Without nitrogen, phosphorus and potassium, the plant simply cannot grow because it cannot make the pieces it needs.

If any of the macronutrients are missing or hard to obtain from the soil, this will limit the growth rate for the plant. In nature, the nitrogen, phosphorous and potassium often come from the decay of plants that have died. In the case of nitrogen, the recycling of nitrogen from dead to living plants is often the only source of nitrogen in the soil.

Micronutrients

Nitrogen, phosphorus and potassium availability is the big limit to growth and most fertilizers supply Macronutrients. A good fertilizer will also supply the Micronutrients to replenish the soil as well.

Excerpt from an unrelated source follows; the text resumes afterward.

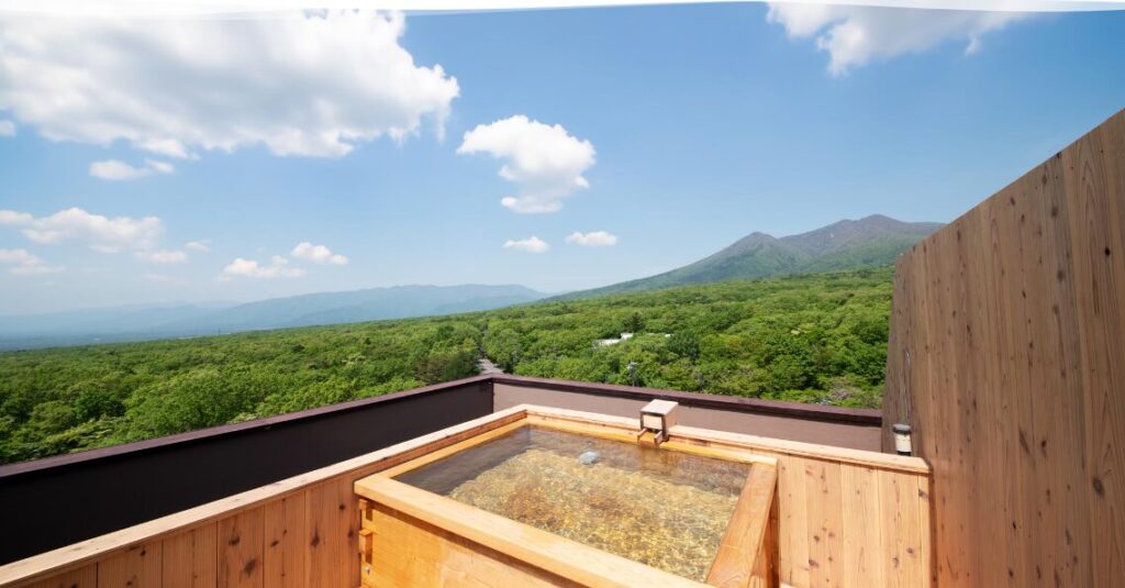 那須高原のパノラマを一望できるこのお風呂は、宿泊者なら誰でも予約制で利用することができます。

"Micronutrients are to agriculture as vitamins are to the human diet." - Braun

Micronutrients are all essential for maximum crop growth, health and yield. Micronutrients are nutrients needed in relatively low quantities by the plant, although micronutrients are often needed in quantities greater than the soil can supply. A micronutrient deficiency in these area can adversely affect plant growth and development.

So what's in your fertilizer?

The numbers on a bag of fertilizer tell you the percentages of available nitrogen, phosphorus and potassium found in the bag or bottle. So 5-4-6 fertilizer is made up of 5% nitrogen, 4% phosphorous and 6% potassium.